It is very telling that neither Lars T Lih nor Eric Blanc confuse this matter; theirs is a bogus international. The dictatorship of the proletariat and peasantry - ie, a bourgeois revolution in Russia - would inspire workers’ revolution in advanced capitalist countries, which would then assist Russia to have a socialist revolution after a whole historic period of development. No, Lenin claimed, we must have our socialist revolution now because the class-consciousness of the Russian working class is international and constitutes a part of the world revolution. This is part of their quest to discredit Lenin and Trotsky and rehabilitate the rightist Bolshevik opponents of the great socialist revolution of October 1917.
And now for what is perhaps the biggest lie of all from Lars in ‘All power to the soviets!’ (April 20): “The reception of the April theses by party activists can be divided into three categories. First are the positions that were not controversial, because they expressed a Bolshevik consensus. The goal of soviet power was definitely one of these widely-shared positions, along with the imperialist nature of the war, no confidence in the provisional government, and rejections of ‘revolutionary defencism’. These positions - by far the most important - did not lead to any pushback. On the contrary.”
Oh, but the upper-cased section did lead to the mother and father of a ‘pushback’ because when Lenin returned in April he found Pravda under new editors - Kamenev, Stalin and MK Muranov. They had ousted Vyacheslav Molotov and Alexander Shlyapnikov, who had a strong anti-war position against the provisional government.
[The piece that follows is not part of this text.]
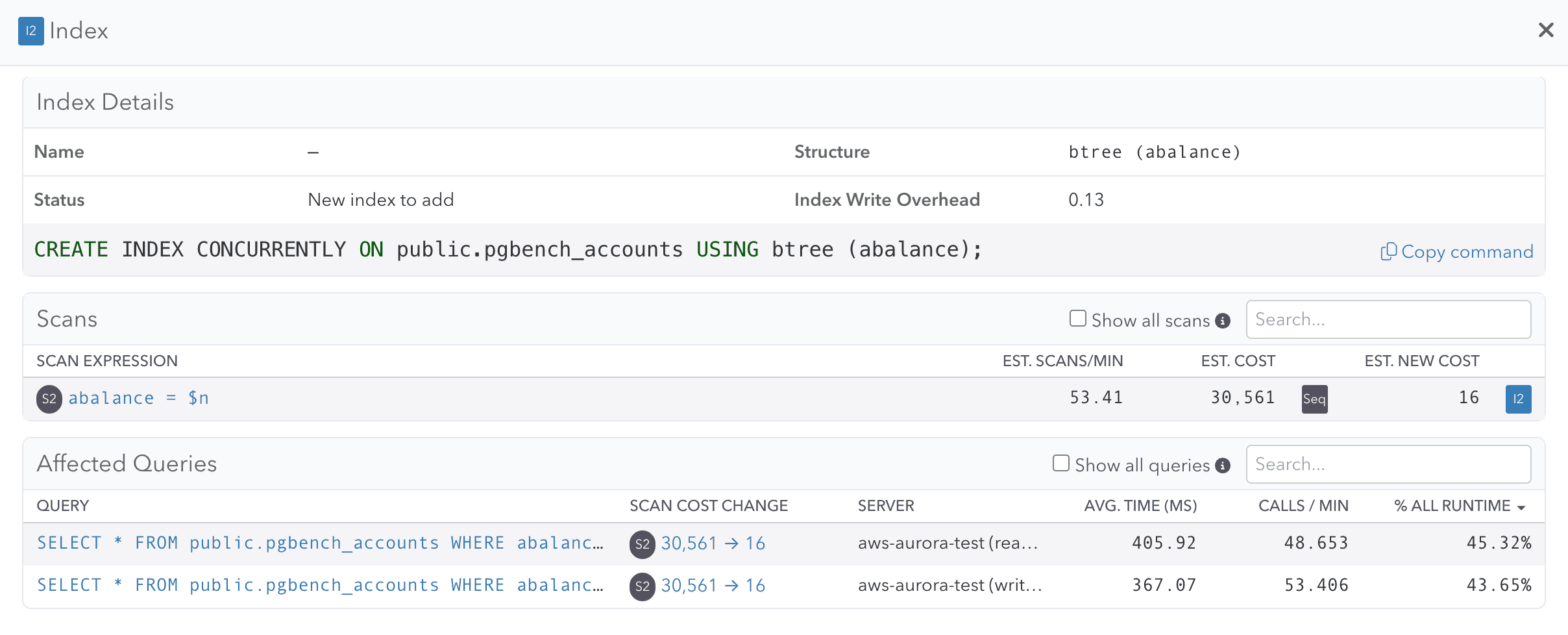 (2 rows)When pganalyze captures query activity on a database, it detects these two scans, tracks their frequency, and determines if the index is worth adding or not. A sequential scan falls back to scanning all 10,000 rows to find one match, so Index Advisor recommends creating an index for missing.

The new editors produced their first edition on March 15 with strong “revolutionary defencist” support for the provisional government “insofar as it struggles against reaction or counterrevolution”.
They followed through this capitulationist line with a call for a unification conference with the internationalist wing of the Mensheviks. Kamenev’s first editorial said: “What purpose would it serve to speed things up, when things were already taking place at such a rapid pace?” and on March 15 wrote: “When army faces army, it would be the most insane policy to suggest to one of those armies to lay down its arms and go home. This would not be a policy of peace, but a policy of slavery, which would be rejected with disgust by a free people … While there is no peace the people must remain steadfastly at their posts, answering bullet with bullet and shell with shell.”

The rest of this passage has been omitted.